Ей не хотелось разговаривать. Она вошла в дом, я следом за ней. Усевшись на кровать Эдо, я попытался расспросить младшую сестру, которая тихо плакала, уткнувшись в плед.
— Что-то случилось? — спросил я осторожно. Она кивнула, и скоро я узнал всю правду.
Я вскочил как ошпаренный и побежал за Антонкой, но ее нигде не было. На рыхлом снегу были видны свежие следы. Местами снег был сильно утоптан, будто здесь что-то тяжелое упало с саней и его пытались снова втащить на них. Это Антонка поднимала тело брата, но куда же она пропала, ведь если Иза не ошибалась, она должна была быть на кладбище, рассуждал я, оглядываясь по сторонам, что-то жгло в груди; мне показалось, что Иза стоит на пороге и с кем-то разговаривает, наверное, Эдо проснулся и слышал наш разговор, но я не мог думать о них, нужно было найти Антонку, так стало страшно за нее. Не знаю, откуда возник этот страх, но он теснил грудь. Впервые за все время нашего знакомства я чувствовал себя ответственным за все, что происходит с ней и вокруг нее.

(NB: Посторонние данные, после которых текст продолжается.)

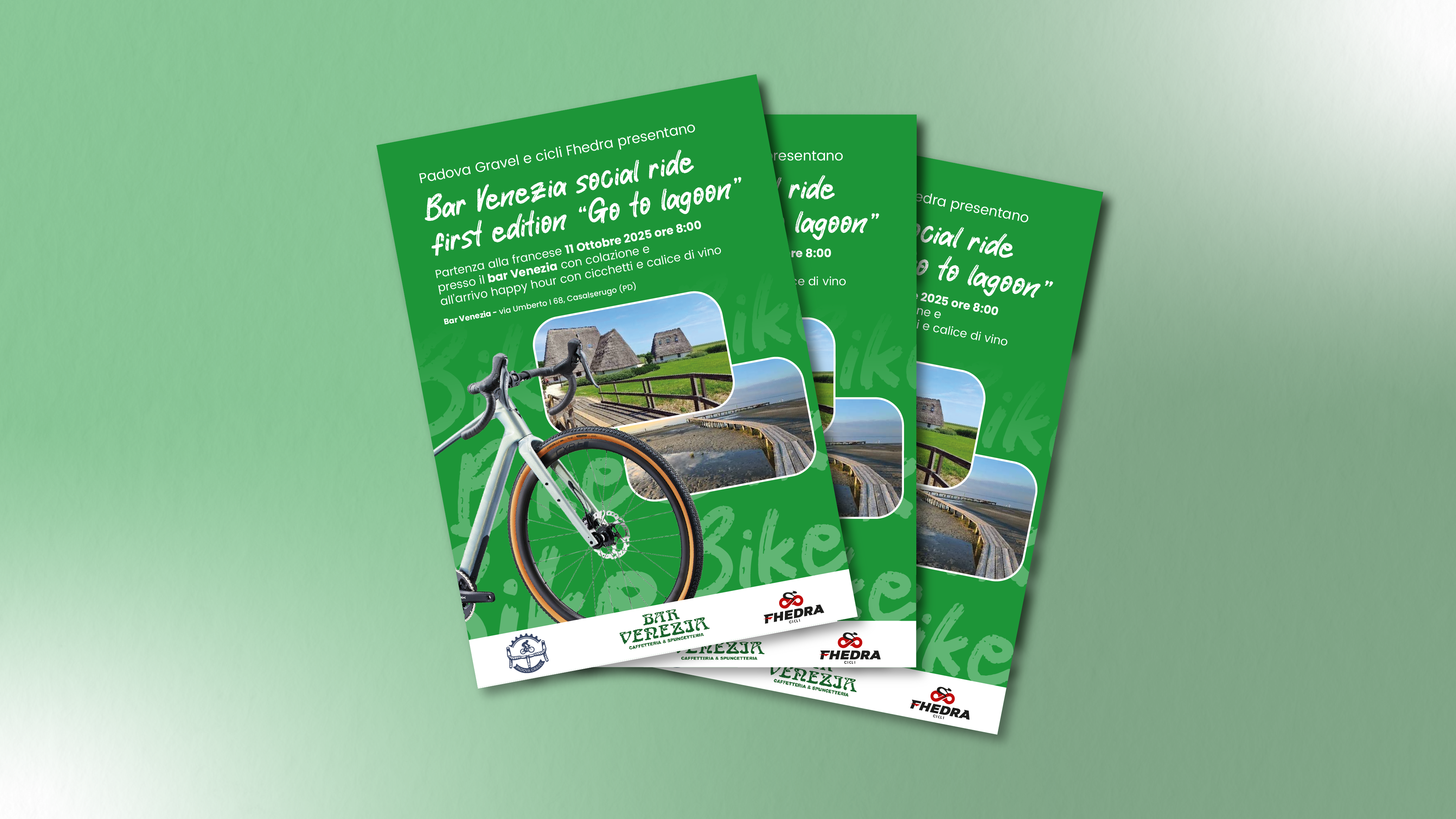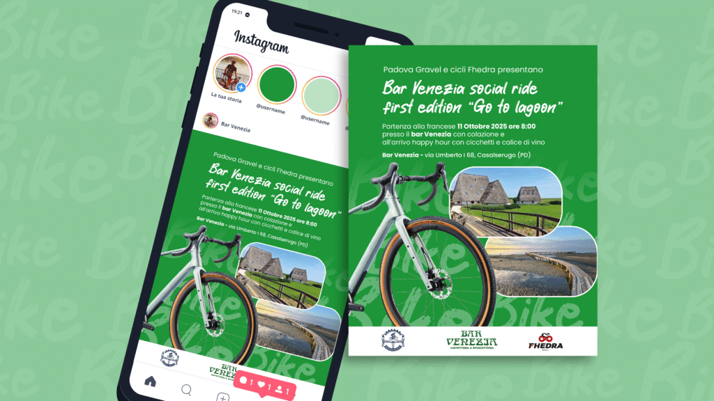 Il risultato: un’identità visiva pulita, efficace e immediatamente comprensibile. Il design di Go to Lagoon comunica l’essenza dell’evento in un solo sguardo: un’esperienza di gravel bike immersa nella natura, dove passione sportiva e rispetto per l’ambiente si incontrano.
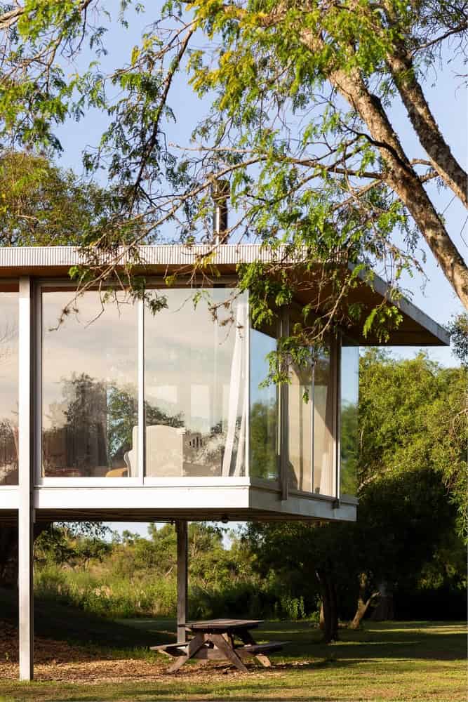 Anchored on El Chirigüe Island along the Lechiguana Stream, the house blends with the terrain through an earthen berm that rises to meet the elevated structure—an architectural embrace between land, water, and sky.

Неожиданно я обратил внимание на одинокую фигуру у входа на небольшое кладбище.
— Не ходите туда, — закричала Иза, пытаясь втолкнуть брата в дом. Он доплелся до крыльца и собирался идти следом за мной.
— Уложи его в постель, — крикнул я девочке, которая старалась изо всех сил уговорить брата, но тот только норовил оттолкнуть ее.
— Я не допущу такого позора, — бушевал он, — остановите ее, он осквернит могилу. Наша земля не для таких, как он!
Вконец обессилевший, он упал на снег, Иза втащила его в дом, а я по поднимавшейся вверх тропинке поспешил к белому забору. Кованые ворота кладбища были настежь открыты.
— Меня заметили, кто-то видел, как я засыпала землей тело, — бесстрастно произнесла Антонка, беря меня за руку своей испачканной в земле рукой. Это движение меня растрогало — впервые она доверилась мне. Это было доверие, требующее защиты и убежища.
— Иза мне рассказала, — произнес я, но она наверняка не слышала, не старалась даже.
— Он мой брат, — промолвила она, — я не могу быть к нему жестокой.
Откуда-то возникла сгорбленная фигура.
— Этот человек меня видел, — повторила Антонка, — покрывало распахнулось, и он все увидел.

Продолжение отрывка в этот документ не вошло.